# Task to carry out
Starting at the line holding "Intensive Academic English" and finishing at the line holding "Annual Maintenance Contract", transcribe the material exactly, keeping both ends but no pictures.

---------- Entries provided ----------

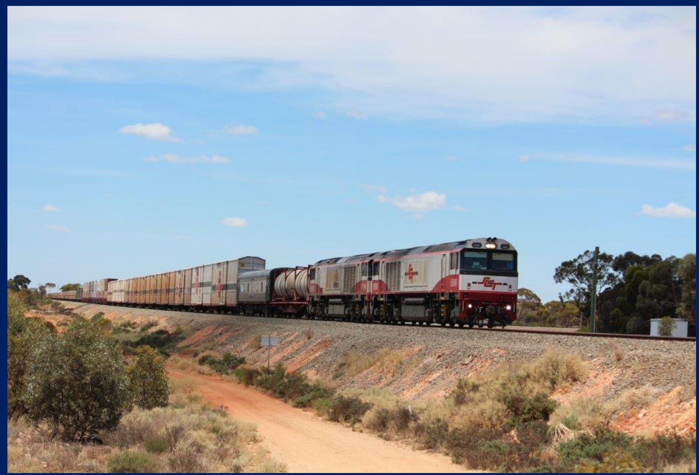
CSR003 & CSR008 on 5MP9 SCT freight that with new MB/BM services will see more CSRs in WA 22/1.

----------
---------- Entries provided ----------

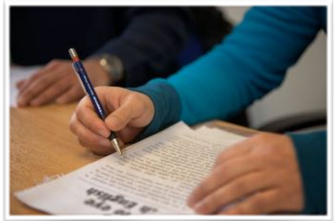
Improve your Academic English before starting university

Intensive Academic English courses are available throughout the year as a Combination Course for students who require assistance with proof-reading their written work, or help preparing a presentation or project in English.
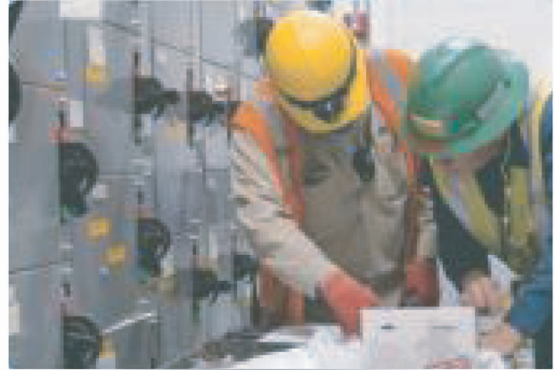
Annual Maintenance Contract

----------

# Solved problem
Intensive Academic English courses are available throughout the year as a Combination Course for students who require assistance with proof-reading their written work, or help preparing a presentation or project in English.
Annual Maintenance Contract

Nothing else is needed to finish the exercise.